Survivors participating in a family registry, and helping with cancer research, should weigh all emotional and logistical options.
Getting involved in a family registry is typically not a decision that’s made lightly. Even so, participants should make sure they’ve weighed all of the emotional and logistical angles.
Before enrolling, participants should consider how they might use any genetic results—if the registry provides them—says Sylvia Rickard, a patient advocate for the National Cancer Institute’s Breast Cancer Family Registry and a breast cancer survivor. Parents, for example, will be faced with whether to tell their children. “It’s not just a matter of getting the test,” Rickard says. “What are you going to do with that information afterward?”

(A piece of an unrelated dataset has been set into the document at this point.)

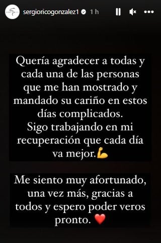 Y ahora ha sido el propio Sergio Rico el que ha dado un paso más y tras semanas siendo su mujer la que informaba por redes sociales, hoy ha sido el portero de Montequinto el que, a través de su cuenta de Instagram, ha publicado una 'storie' con el siguiente mensaje: "Quería agradecer a todas y cada una de las personas que me han mostrado y mandado su cariño en estos días complicados. Sigo trabajando en mi recuperación que cada día va mejor. Me siento muy afortunado, una vez más, gracias a todos y espero poder veros pronto".

As for the logistics, read up on the registry’s procedures, says Wendy Kohlmann, a genetic counselor for the Huntsman Cancer Institute at the University of Utah. Huntsman has several registries, including ones focused on melanoma and pancreatic cancer. Ask how the information will be stored and privacy protected, Kohlmann suggests. How frequently will participants be needed in future years for additional questions, samples, or other information? If relevant genetic findings are discovered, will they be passed along? Participants might name an alternate contact in case they can’t be located.
Also keep in mind that genetic material, once donated, may not be available for personal use later, Kohlmann says. One option is to preserve some genetic material through DNA banking in the event a family member one day wants to be tested. The cost ranges from $50 to $350, according to the National Society of Genetic Counselors. For more information, call 312- 321-6834 or consult www.nsgc.org.
In the end, though, participants shouldn’t enroll in a family registry out of any desire for individual benefit, Kohlmann says. “We make a very strong effort to clearly communicate that this is research. There are no guarantees this will help you or your family personally. We hope [the participants] will feel good about helping the overall field of cancer research.”
For that reason, Kohlmann and others involved with family registries say they remain indebted to the thousands of people who participate. “They do it out of the goodness of their heart,” says Alice Whittemore, PhD, co-investigator of the Northern California Cooperative Family Registry for Breast Cancer. “Without them, we could do nothing.”